Have you entered Goblin Mode yet? The movement, or mood, has been described as the natural manifestation of almost three years spent living in a pandemic. All those behaviours – bingeing junk food and bad TV, never getting dressed, treating showers as optional – have remained even as lockdown has ended. And they’re now being celebrated. Goblins, after all, enjoy a bit of transgressive fun.
The mode, first used on Twitter over a decade ago, then Reddit, has, since February this year, quickly spread across TikTok, in memes and hashtags and active demonstrations, to enter mainstream discourse.
Why be #ThatGirl when you can be a goblin?Credit:iStock
And while it can encompass every demographic, there is a gendered layer to Goblin Mode. It’s mostly women who are made gleeful by wearing pyjamas (read: a t-shirt over undies) full-time, exiting their room to guzzle Coke from the bottle at 7am, between episodes of 90 Day Fiancé. And Is It Cake?
If they do appear on the couch, it’s only to hunt for stale Twisties, while picking out crumbs from their bra. That is, if they’re wearing one.
These almost feral activities are signifiers of the mode that represents, in part, a backlash to the impossible standards prescribed, or at least promoted, on Instagram, where another trend, unofficially known as #ThatGirl has splattered all over feeds.
That Girl drinks celery juice, takes perfect photos of her Acai muesli bowl, performs gentle, yogic stretches on the beach at dawn for her followers and lives in high end athleisure. She loves holding up both arms to sun-dappled tree tops while forest bathing and she is big on self-improvement, which is ironic, because her skin is glass and her body is hard as concrete. That Girl has a 10-step skin cleansing routine she can happily show you and never has split ends, having perfected the art of the bowl method for washing hair. And perhaps more pointedly, she tells you that you can do it too, because it’s easy. Is it any wonder, then, that after a worldwide plague, young women are looking for something else?

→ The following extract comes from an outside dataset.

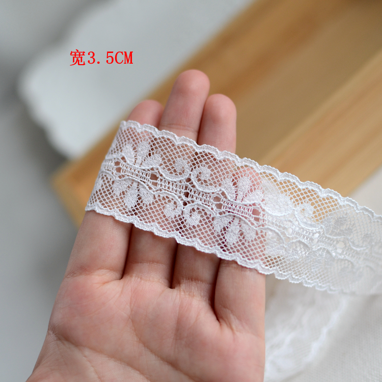 可穿絲帶lolita手工材料 寬3cm雙邊白金線水溶刺繡蕾絲花邊輔料

Creative director and digital artist, Matthew Daniel Siskin, who developed Beyonce’s website and worked to develop the online presence of The Row, the designer fashion label from Mary Kate and Ashley Olsen, (two women, it must be said, who’ve remained steeped in Goblin Mode since 2010) believes Goblin Mode is cause for some celebration.
″Kids – and beyond – are especially exhausted from being sold dead, ‘Goop’ aesthetics; an idealism nobody really asked for and that has no pulse anyway,” he says. “A 21-year-old girl actively working to be less beautiful and eat terribly creates its own anti-aesthetic, the same way early days punk did.”
The 1970s Punk movement, Boomers will remember, was about giving the finger to not just the establishment, but anti-consumerist ideals as well.
Similarly, Goblin Mode is a rejection, not just of an aesthetic, or Influencer culture, but the corporations that sell it. Think of it this way: if you’re a goblin, scurrying around in your doona all day, the only thing you need to purchase is more pickles. There’s freedom in no longer needing to obtain beauty through consumerism, and there’s individualism in it too.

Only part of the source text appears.